Your assignment. Repeat the records below exactly from the line containing "今年5月,深圳又一次登上热搜" to the line containing "Крестовая DL3460 PH2x100мм", taking in both of those lines. Drop the pictures.

========================================================================

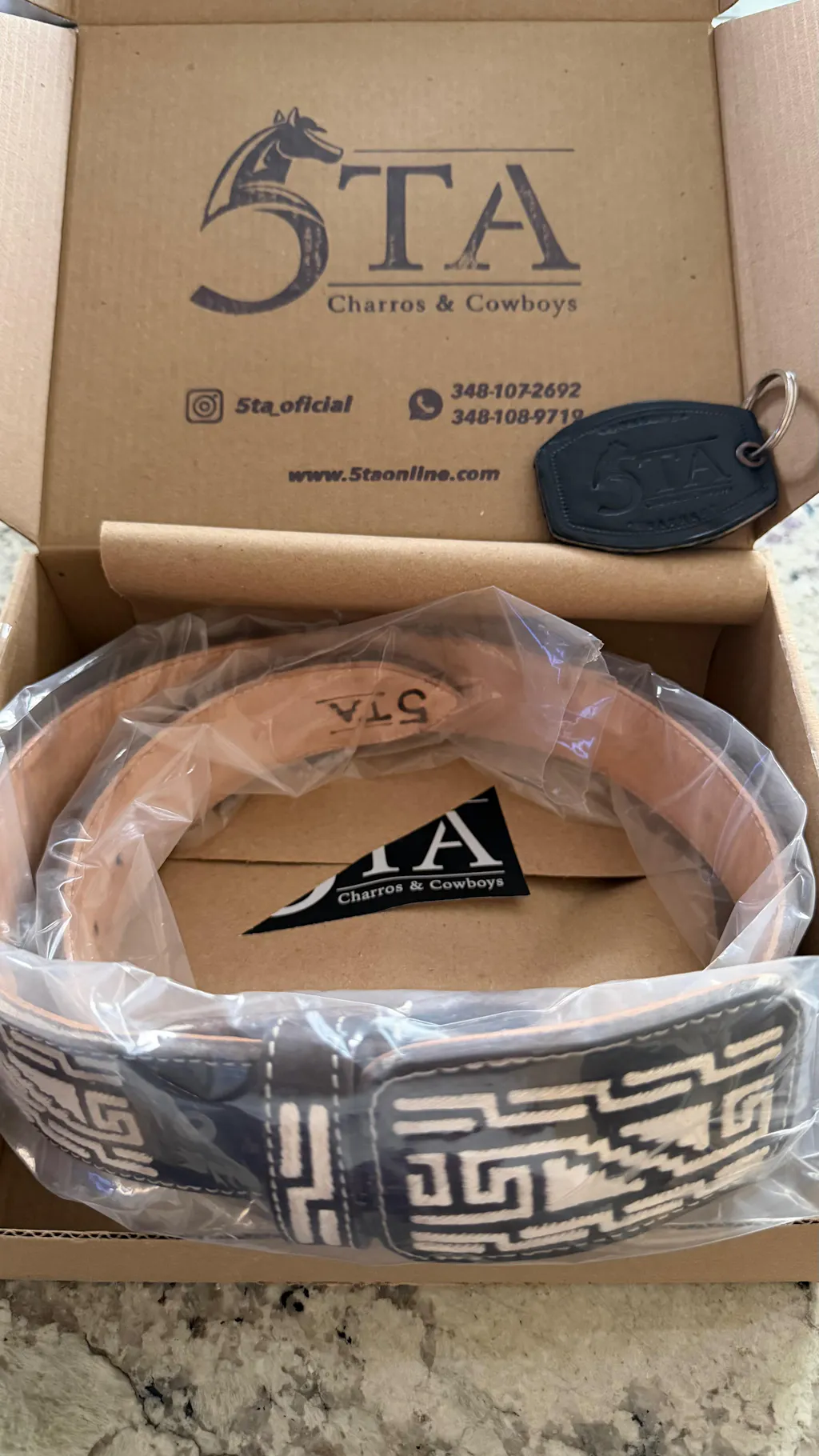El bordado no es estampado ni láser — es pita natural cosida a mano, punto a punto. El que entiende de cintos lo distingue en el primer vistazo.
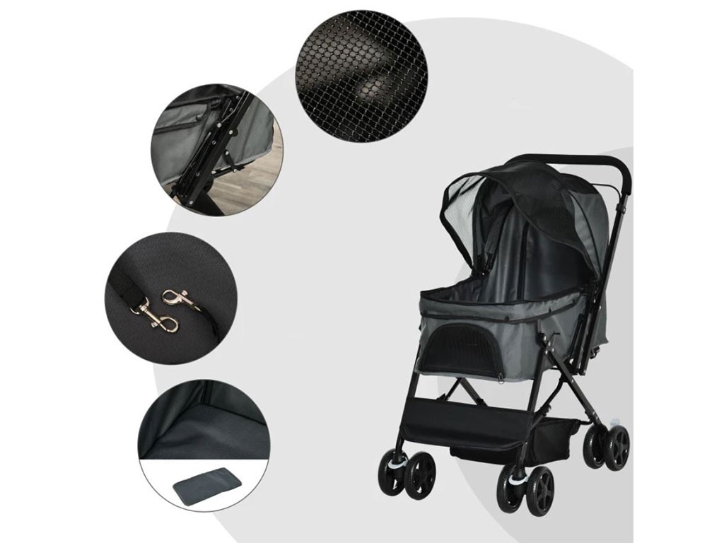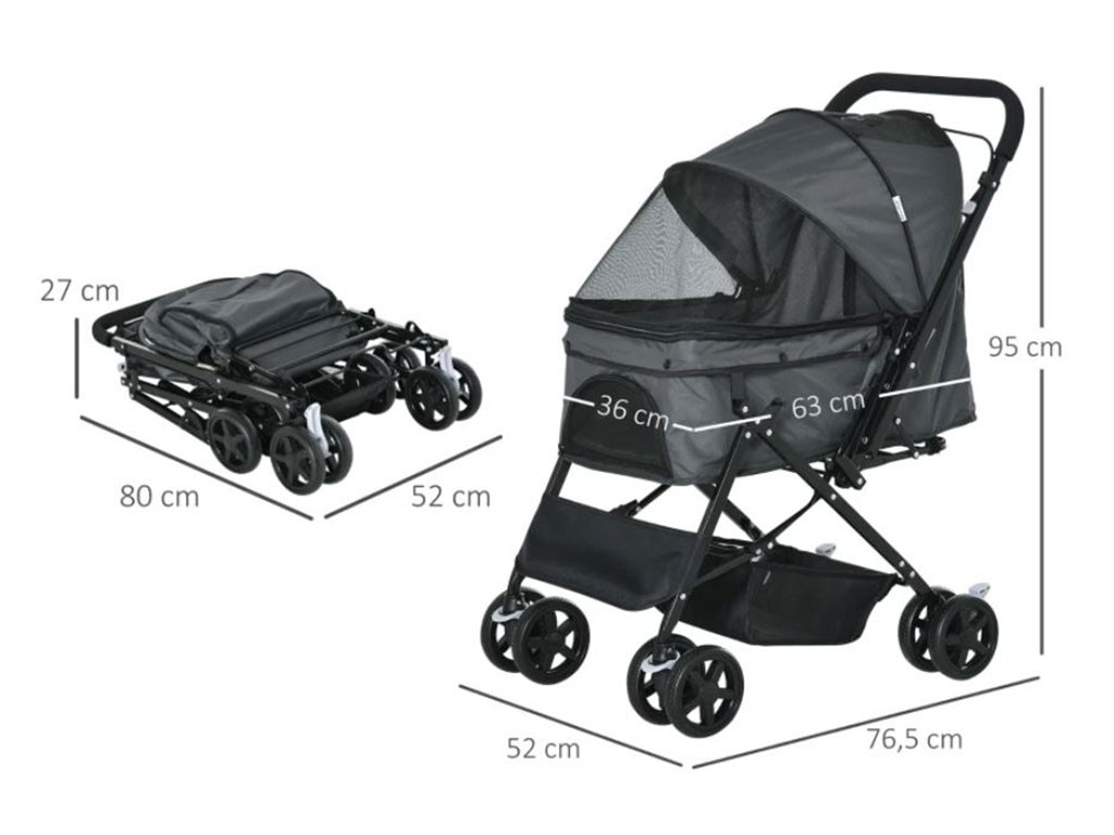 Wózek dla psów do 10 kg, z wyborem kierunku jazdy, stalowa rama, pokrowiec z tkaniny Oxford, składana 3-stopniowa budka zapinana na zamek, przednie drzwi z siatki zapinane na zamek , tylne drzwi z torbą zapinaną na zamek, 2 smycze zabezpieczające w środku, podwójne obrotowe koła przednie, 2 podwójne stałe koła tylne z hamulcami, wymiary wewnętrzne z daszkiem 63x36x51 cm, wymiary wewnętrzne koszyka 63x36x20 cm, wymiary całkowite wózka 76,5x52x95 cm.
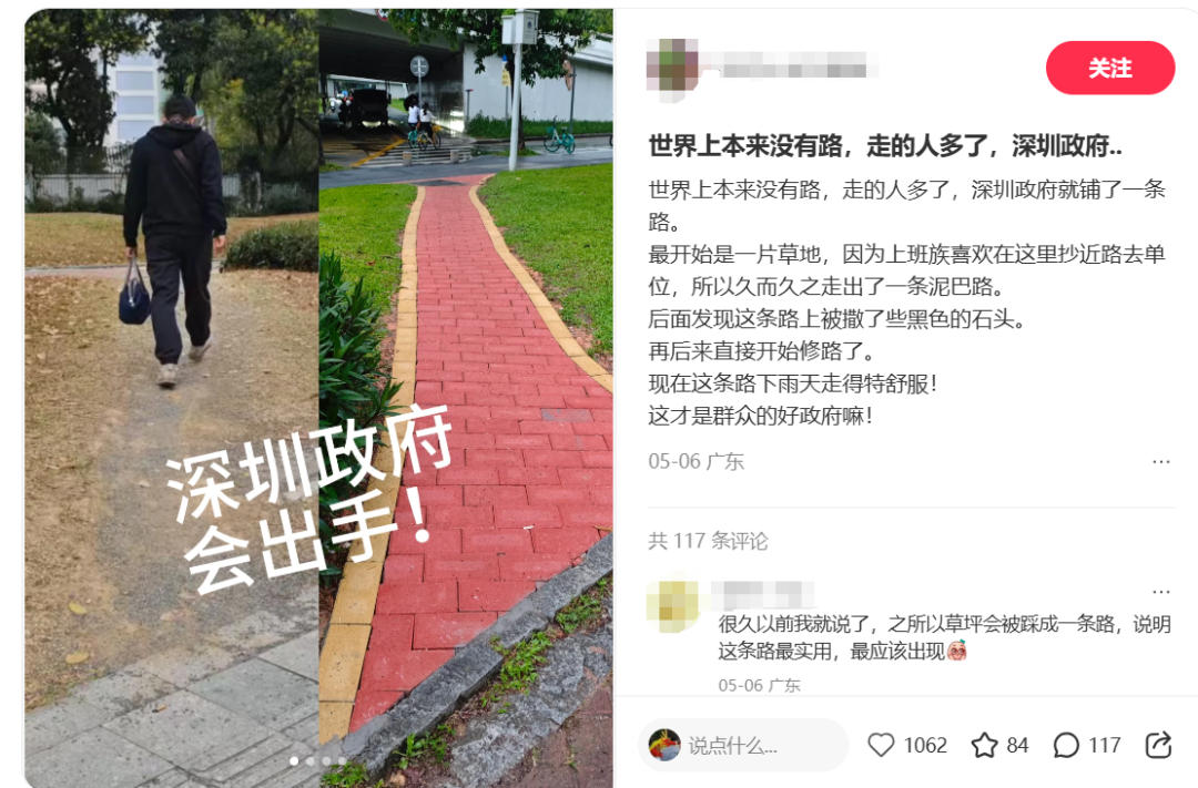 今年5月,深圳又一次登上热搜。原来,某片草地规划不太合理,导致过往行人不得不绕远路。部分“上班族”为了赶时间就频繁横穿草地,久而久之就形成了一条泥巴路。
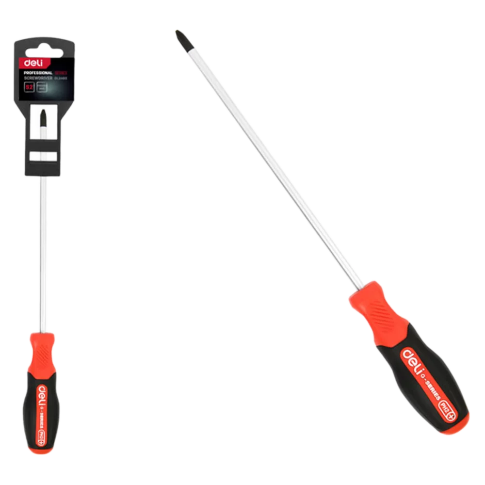 Крестовая DL3460 PH2x100мм сталь S2, матовый стержень, двухкомпонентная прорезиненная рукоять
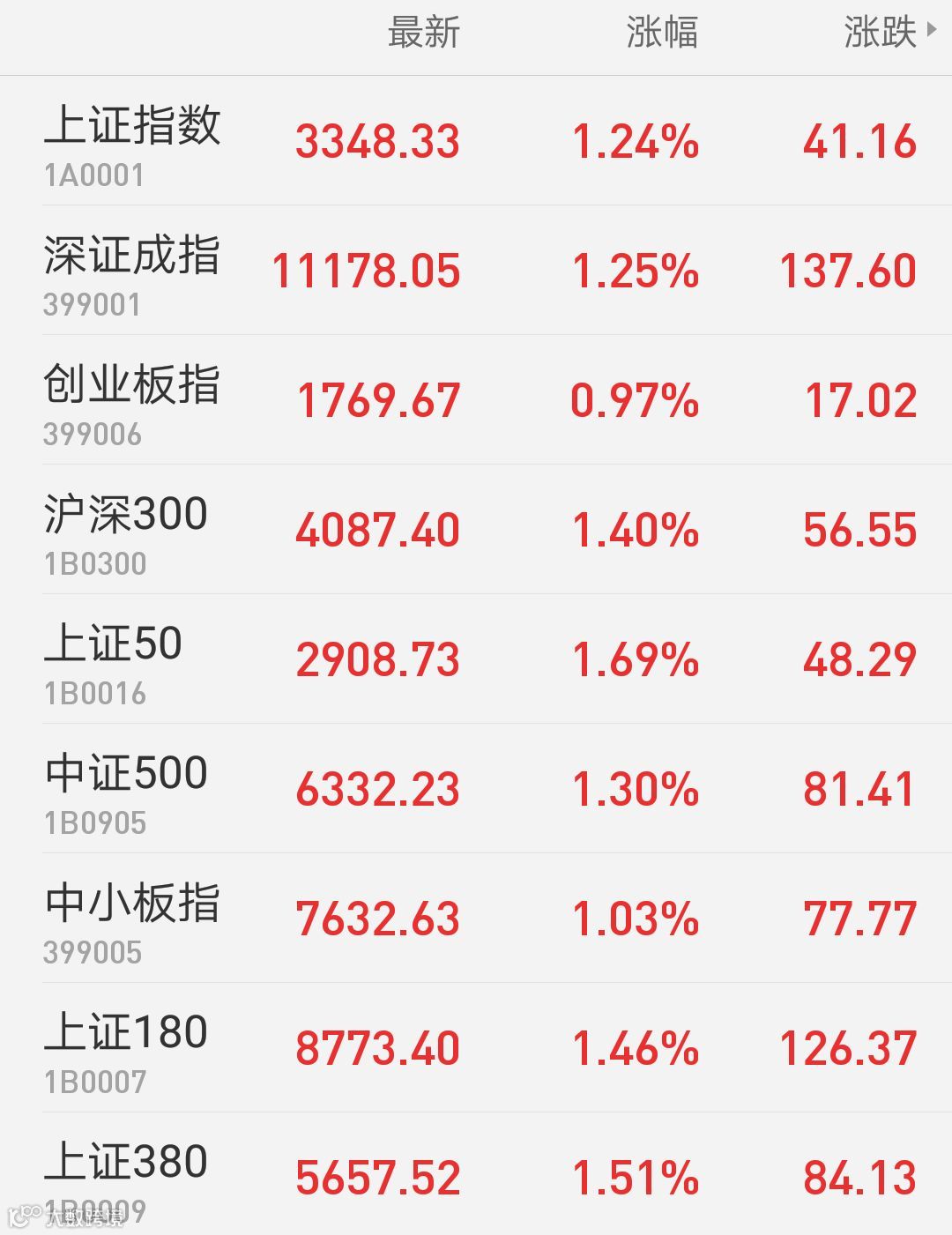 1、A股:上证指数报3348.33点,上涨1.24%,成交额2277.88亿。深证成指报11178.05点,上涨1.25%,成交额2177.36亿。创业板指报1769.67点,上涨0.97%,成交额469.24亿。两市合计成交4455.24亿。从盘面上看,水泥建材、煤炭采选等板块涨幅居前。

========================================================================

Result of the task.
 今年5月,深圳又一次登上热搜。原来,某片草地规划不太合理,导致过往行人不得不绕远路。部分“上班族”为了赶时间就频繁横穿草地,久而久之就形成了一条泥巴路。
 Крестовая DL3460 PH2x100мм сталь S2, матовый стержень, двухкомпонентная прорезиненная рукоять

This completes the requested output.